Keeping it Real
What in the world can I say or talk about that hasn’t already been said? I confess, I feel like I’m running out of things to talk about in my blogs. I wonder if it’s time to quit, pause, or perhaps not post as often. I ask if you have visited here before, please pray for me in my decision making. This blog has been a place of healing for me, and no matter what I decide for the future, I will always be grateful for having this place to share my heart.
All things must change or come to an end. I’ve been very busy in my personal life lately, taking short trips, baby showers, planning for my grand babies on the way. It has been a true blessing to be a part of all of it, but the truth is that I am realizing more than ever that I am now an observer. I have done all I can to make all feel included and loved, but the reality is that it’s time for me to back out of the circle for a while.
Stepping back isn’t a bad thing. Honestly, I’m grateful. As I watch my grown kids go on with their lives and see their families grow, I’m looking forward to being the observer. I’m still fully engaged in the lives of my two grandsons, but I know I’m not as engaged as I was with my own kids.
The boys show no interest in school sports or the extracurricular activities available. I have encouraged them to do so, but they have no desire to participate. They both enjoy school and are doing well in their classes, so I see no point in trying to fix something that isn’t broken.
I feel like I have permission to sit on the sidelines for a while. It’s time for me to focus on my life, whatever that will look like. I have hopes and dreams just like everyone else. God knows what they are, and I believe in my heart he is not finished with me.
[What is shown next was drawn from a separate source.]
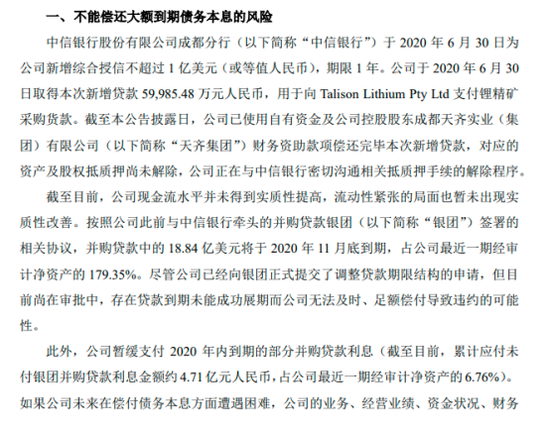 公告称,公司与中信银行牵头的并购贷款银团筹借的并购贷款中的18.84亿美元(约合人民币125.93亿元)将于今年11月底到期。尽管天齐锂业已经向银团提交了调整贷款期限的申请,但目前尚在审批中,存在贷款到期未能成功展期而公司无法及时、足额偿付导致违约的可能性。

As I try to wait patiently, I still have work to do. Our church message for the past two weeks has been about being genuine and real in our ministry, leadership, sharing God’s Word, and discipleship. I want to move forward in all I do with a focus on being real. I want to live out my faith so others can see Christ in me. I want to be a light to those with no hope. I want to be faithful in reading the Bible daily, to keep me strong when I feel weak.
In however many days or years I have left on this earth, I want to do my best with the blessings I have been given. But I want to remove the masks I wear and say what I mean and mean what I say. Stop worrying about what other people may think or say about me.
With each day God allows me to take another breath, I know there will be good days and those days that I just want for him to take me home. My greatest wish, however, is when that day finally arrives, I will see Jesus face to face. He will smile at me with his arms open wide to welcome me, and He will say, “Well done, Lisa. Well done.”